1991 wurde Mortier Intendant der Salzburger Festspiele, er sollte das Festival einem jüngeren Publikum erschliessen und für das 21. Jahrhundert fit machen. Bei seiner Nomination rümpften die Traditionalisten empört die Nase. Kein Wunder, hatte der junge Mortier doch gesagt, bei der Oper denke er «nur an Krankenpflege», und prophezeite, sie werde als Kunstform untergehen. Unter seiner Ära wurden 25 Opern des 20. Jahrhunderts in Salzburg aufgeführt. Danach gestaltete Mortier den ersten Zyklus der RuhrTriennale von 2002 bis 2004, anschliessend leitete er bis 2009 die Pariser Oper.

Per Zufall nach Madrid

Ab 2009 sollte Mortier die Leitung der New York City Opera als General Manager und Artistic Director übernehmen, doch nach drastischen Budgetkürzungen des Hauses nahm er davon Abstand und ging 2010 nach Madrid. Er steckte sich hohe Ziele, und das Teatro Real, das nicht zu den ersten Adressen in der Welt der Oper gehörte, zu einem führenden Häuser Europas machen. Allerdings bekam er im hoch verschuldeten Madrid bald die Auswirkungen der Finanzkrise zu spüren.

Gerard Mortier 2003 in Bochum im Bühnenbild der «Zauberflöte».
Legende: Gerard Mortier 2003 in Bochum im Bühnenbild der «Zauberflöte». Keystone

Kurz nach Bekanntgabe seiner Krebskrankheit im vergangenen Sommer wurde Mortier im Herbst nach einer grossen Auseinandersetzung durch den Katalanen Joan Matabosch abgelöst. Der Belgier machte dabei seinem Ruf, Konflikte nicht unbedingt aus dem Weg zu gehen, alle Ehre.

Das Vorhaben des Madrider Kulturministeriums, einen Spanier zu seinem Nachfolger zu machen, kritisierte er scharf. «In Spanien sehe ich aber niemanden, der infrage käme», sagte er damals barsch. Dennoch blieb Mortier – der in Deutschland in ärztlicher Behandlung war – dem Opernhaus am Plaza Isabel bis zuletzt als Berater verbunden.

Arbeitete bis zuletzt weiter

«Er war zweifellos derjenige, der die Welt der Oper in den vergangenen Jahren am stärksten beeinflusst und verändert hat», sagte Mortiers letzter Chef, Gregorio Marañón, Stiftungspräsident des Teatro Real, nach Bekanntwerden des Todes.

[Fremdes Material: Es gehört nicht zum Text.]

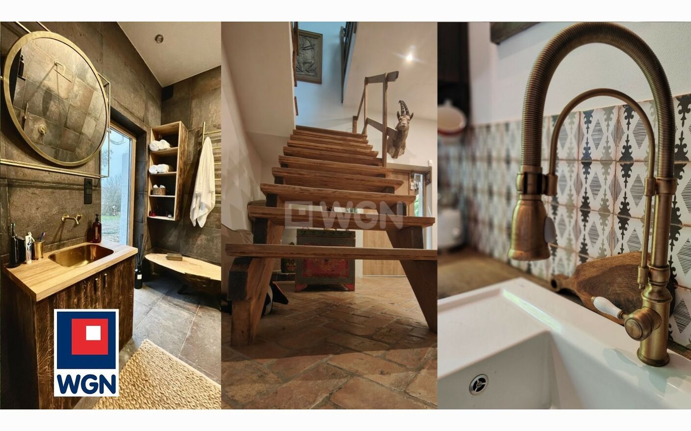 Poprzez aranżację i wykończenie z użyciem wyjątkowych, naturalnych materiałów jak prawdziwe drewno dębowe z którego wykonane są meble, blaty, podłogi czy elementy dekoracyjne, stara, 200-letnia cegła, z której wykonano posadzki na parterze, kamień na posadzce i ścianach łazienki.

Aufgrund des Krebsleidens war Mortier sichtlich abgemagert, arbeitete aber so gut wie es ging weiter. «Ich habe zwar Krebs, bin aber noch nicht tot, auch wenn dies einigen gefallen würde», hatte er im letzten September den Verantwortlichen des Opernhauses geschrieben. «Ich werde kämpfen.» Nun hat er diesen Kampf verloren.